Marrakech, au Maroc.
Marrakech, au Maroc. — SUPERSTOCK/SUPERSTOCK/SIPA

CONFERENCE

Climat: Comment le Maroc prépare déjà la COP22

La prochaine conférence des Nations unies sur le climat aura lieu à Marrakech…

Non, ce ne sera pas le souk : le Maroc, qui accueillera la prochaine conférence sur le climat de l’ONU, la COP22, en novembre 2016 est déjà dans les préparatifs. Présent sur le site de la COP21 au Bourget et à l’exposition SolutionsCOP21 au Grand Palais, le royaume veut profiter de cet événement pour mettre en lumière ses engagements pour le climat. « C’est une grande fierté d’accueillir la COP22 et nous avons la légitimité de le faire car nous avons beaucoup de projets pour le développement durable », explique Hatim El Gharbi, directeur de l’Office national marocain du tourisme (ONMT) en France.

Le Maroc marche au solaire

Deuxième pays d’Afrique à avoir remis sa contribution nationale au secrétariat des Nations unies pour la COP21, le Maroc s’est engagé à réduire d’au moins 13 % ses émissions de gaz à effet de serre d’ici à 2030. Le Plan vert adopté en 2014 prévoit de faire passer la part des énergies renouvelables de 28 % en 2008 à 42 % en 2020. Pour cela, le Maroc peut s’appuyer sur son soleil : la plus grande centrale solaire du monde va bientôt être opérationnelle à Noor, près de Ouarzazate. Elle fournira à terme 580 mégawatts (soit environ 70 % de la capacité d’un réacteur nucléaire).

« Le Maroc est devenu l’un des acteurs majeurs de la transition énergétique dans le monde et plus particulièrement sur le continent africain », a déclaré le roi du Maroc lors de l’ouverture de la COP21. Le pays veut devenir un chef de file en Afrique et « donner l’exemple » sur les énergies renouvelables mais aussi l’interdiction des OGM et des sacs plastiques.

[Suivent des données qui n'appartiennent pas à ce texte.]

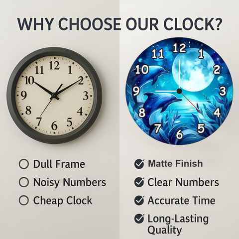 Add a touch of oceanic serenity to your home with this Ocean Dolphin Theme Wall Clock. Crafted from high-quality 6mm MDF with a 12-inch size, this clock features a vibrant blue underwater design with dolphins and a moonlight backdrop. Equipped with a precision quartz mechanism, it ensures accurate time and silent operation. Perfect for bedrooms, kids’ rooms, or as a thoughtful gift for ocean lovers.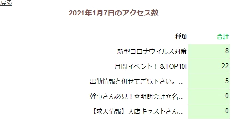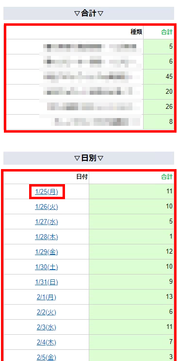 記事ごとのアクセス数の合計が確認でき、日別は日付をクリックするとその日の記事ごとのアクセス数の表が表示されます。

Des « excursions » pour les délégués de la COP22

Pour le Maroc, le développement durable passe aussi par le tourisme, qui représente 8 % du PIB et est un gros créateur d’emplois. L’industrie touristique est en train de se réformer pour accueillir des « éco-touristes » : « Pour les nouvelles implantations touristiques, nous imposons plusieurs critères, notamment le respect du trait de côte sur le littoral, l’emprise au sol ou le retraitement des eaux usées, énumère Nada Roudies, secrétaire générale au ministère du Tourisme marocain. Hatim El Gharbi espère profiter de la COP22 pour organiser des « excursions » au cours desquelles les délégués du monde entier pourront découvrir les réalisations marocaines en matière de tourisme durable : « Organiser une COP coûte bien sûr de l’argent mais c’est une vitrine formidable et le retour sur investissement est toujours bon ».

Le programme de la COP22 est encore loin d’être fixé puisqu’il dépendra de l’issue de la COP21, qu’on ne connaîtra que ce vendredi. Mais d’un point de vue logistique, Hatim El Gharbi est confiant : « Nous avons tout ce qu’il faut à Marrakech pour héberger tous les participants dans d’excellentes conditions. Nous avons les infrastructures pour les conférences et les événements annexes. Tout le monde sera hébergé de manière responsable car tous les hôtels de Marrakech sont maintenant formés à la gestion raisonnée de l’eau et des déchets », assure-t-il.